During necrosis, IL-33 remains in its active form whereas, under

During necrosis, IL-33 remains in its active form whereas, under conditions of apoptotic cell death, the executor caspases, caspase-3 and caspase-7, cleave IL-33 into an inactive form [59]; however, in fibroblasts, IL-33 can also be released in

an active process triggered by mechanical stretching.

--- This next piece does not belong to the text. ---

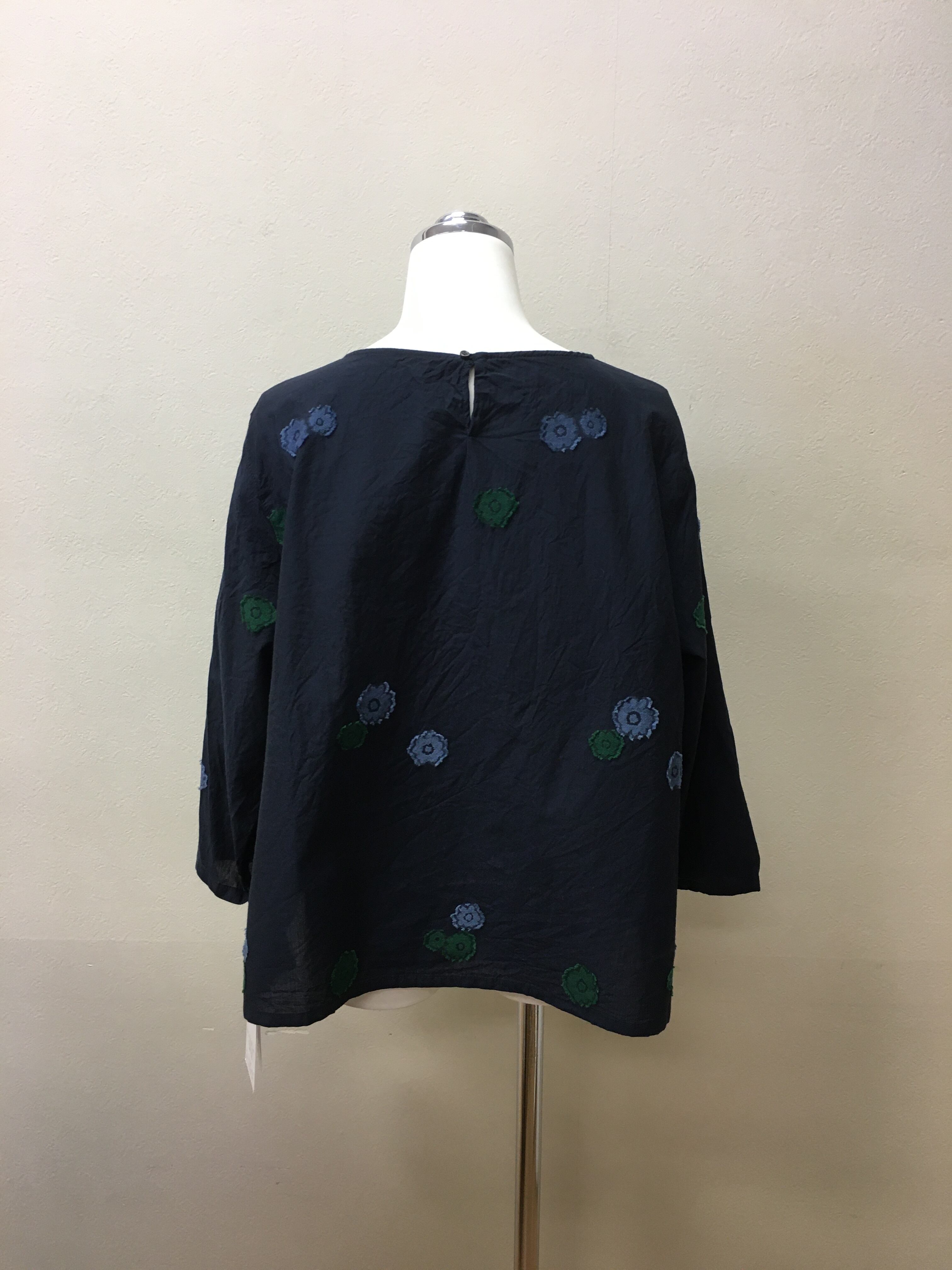 立体感のある花のモチーフが甘すぎない上品な仕上がりに。涼しげな生地の肌触りとゆとりのあるシルエットも魅力です。

No studies have so far reliably identified apoptosis or necrosis in the lungs of asthmatics, although cell death can regulate the release of IL-33 in asthma [60]. In neutrophils, pro-IL-33 can also be processed into a functionally more mature form via the action of neutrophil elastase and cathepsin G, and subsequently released [61]. Clearance of apoptotic cells, following allergen exposure, in bronchial epithelial cells requires Rac1, which leads to a suppression of IL-33 production in a process requiring IL-10 in mice [62]. In an HDM-driven murine model of asthma, the epithelial repair Selleckchem GSK126 factor Trefoil factor 2 has been shown to induce IL-33 production in airway epithelia, alveolar macrophages, and FcγRI+ inflammatory DCs and thus to contribute to the induction of Th2 immunity, in

a process requiring the chemokine receptor and putative TTF2 receptor CXCR4 [53]. In virally induced airway inflammation, a typical cause of asthma exacerbation, alveolar macrophages produce large amounts of IL-33 [19]. It also appears that TLR4 and IL-1R signaling on epithelial cells occurs upstream Regorafenib cost of epithelial IL-33 release in asthma [40, 41]. The expression of T1/ST2 is itself subject to tight control through ubiquitination. As for many other cytokine receptors, ligand binding induces downregulation of surface T1/ST2. The F-box protein FBXL-19 is an orphan member of the Skp1-cullin-F

box family of E3 ubiquitin ligases that binds to T1/ST2 and mediates its degradation by the proteasome, partially through the activity of GSK3 kinase [63]. It is currently unknown whether T1/ST2 is differentially ubiquitinated in asthmatics, or if the levels of FBXL-19 are modified in asthmatics versus healthy control subjects, and could be influenced by drugs and therefore be a therapeutic option for asthma. Interleukin-25 is released by bronchial epithelial cells and airway inflammatory cells of allergen-challenged mice Megestrol Acetate and humans (Fig. 2, [64-66]). The proteolytic enzyme MMP7 released from bronchial epithelial cells is necessary for the optimal production of IL-25 [67]. Although IL-25 promotes Th2 immunity in the lung in mice [68, 69], its potential to activate DCs remains unclear. Epithelial-derived IL-25 induces Jagged 1 expression on DCs and leads to Th2 responses in the lung of RSV-infected mice [70]. Furthermore, IL-25 induces IL-9 production by Th9 cells, via the IL-17RB subunit [71]. When administered via the airways, IL-25 acts directly on pre-ILC2s to induce their expansion and activation [9].